Information- or Process-centric? The Answer Lies Somewhere In Between
Why informationistas must consider process.
- By Barry Devlin
- June 29, 2018
Are you an information expert or a process pundit? Do you find joy in the elegant structure of a data model or are you energized by pitch-perfect programming?
Such partitioning of skill and focus is widespread in IT. Deep and detailed expertise is required on both sides. As businesses ingest ever more external data, understanding its structure and extracting its real meaning demand advanced data expertise. Programmers of machine learning algorithms are redefining -- in depth and breadth -- the processes that will run the world.
Taken to the extreme, however, either approach can be problematic. On the information side, we end up with the intransigent data modeler whose enterprise data model is never ready for production. On the process side, the pernickety programmer is forever reworking some special subroutine for fastest performance or most extreme accuracy.
I don't consider myself an extremist but, as you can probably guess, I run with the data/information crowd. Thirty years of data warehousing does that to you.
To me, information is the basis of business computing, at the heart of digital transformation. In my Business unIntelligence conceptual architecture, information is the foundational thinking space, the starting point for all consideration of analytics and informational needs.

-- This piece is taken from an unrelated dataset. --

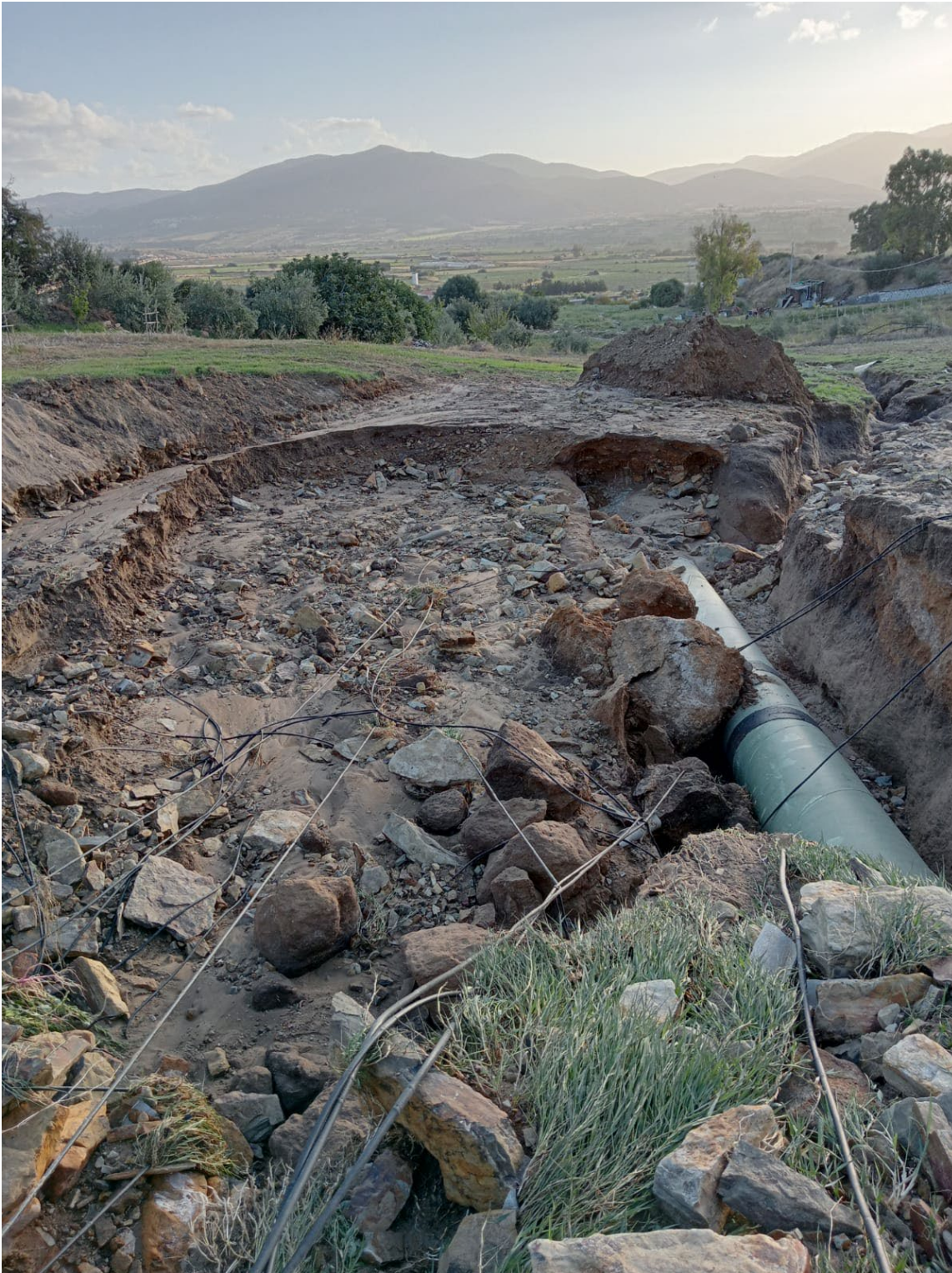
Foto 5 - Particolare delle aree dopo la rottura del 24.09.2023

However, recent discussions with a company with forty years of process focus gave me pause for thought. Innovative Routines International (IRI), Inc. delivered the world's first commercial non-mainframe sort software in 1978 and has continuously extended it to handle a variety of conversion, transformation, cleansing, and integration function. Their metadata and engine-based approach shows how process orientation can deliver results quickly and efficiently: in parallel, in a single pass of the data, and without staging to storage.
Why is this important? The mindset of a product designer or system developer -- information- or process-focused -- can lead to very different implementation choices.
Why Informationistas Must Consider Process
Most data warehouse implementation methodologies begin with a logical architecture that already contains a variety of data stores arranged in layers -- an operational data store (ODS), a staging area, an enterprise data warehouse (EDW), and multiple data marts -- each with its own unique definition and objectives. Each layer has a good reason for its existence, often based on many years of design experience and painful memories.
A good example is the rationale for an ODS, "used for operational reporting, controls, and decision making" according to Wikipedia. The article goes on to position the ODS as a feed for the EDW and a place for some "loose integration" of data. The information-centric view will see operational reporting, controls, and decision making as valid requirements and some value in the loose integration of data prior to its entry into the EDW.
Similar -- and somewhat overlapping -- arguments can justify a staging area in the information-centric view. The result, in many cases, is four layers of data stores, each feeding data to the one above it. The impact on data timeliness for the businessperson is clear. Agility in development and, especially, in maintenance is a challenge.
In contrast, a process-centric view of the ODS requirements and objectives tries first to satisfy them in code rather than storage structures. Data can be loosely integrated and passed directly to the app used by the businessperson for operational reporting. The number of near-copies of the same data is reduced, data management is eased, maintenance agility is improved, and -- most important -- the business gets its data earlier.
A similar analysis can be applied to each layer in a traditional data warehouse architecture. Whereas the informationista may implement four layers, the processite would have none at all, having no storage structures between the data sources and the businesspeople using the data.
Of course, neither extreme is ideal -- in medio stat virtus. Trade-offs in data management, performance, and cost (among other factors) will lead to a design with fewer layers and, indeed, with data of different qualities taking alternative paths through the layering and bypassing one or more layers. An integrated set of customer reference data, for example, may be deemed worth storing in the EDW before passing to the business user, whereas a list of open orders may be passed directly through to the same user, with the two sets of data being joined "on the fly."
Data lake population design and operational analytics model management is another area where process-centric thinking helps to simplify the data integration and management environment. I discuss these and other scenarios further elsewhere.
The Middle Line
If you are an informationista, the real value of process-centric thinking is to allow (or force) you to consider other options for data warehouse design than the traditional fully layered approach. If you are a processite -- and many data lake builders are -- consider how the information-centric view of your friendly BI Center of Competence can help put some structure on the data lake.
Dr. Barry Devlin defined the first data warehouse architecture in 1985 and is among the world’s foremost authorities on BI, big data, and beyond. His 2013 book, Business unIntelligence, offers a new architecture for modern information use and management.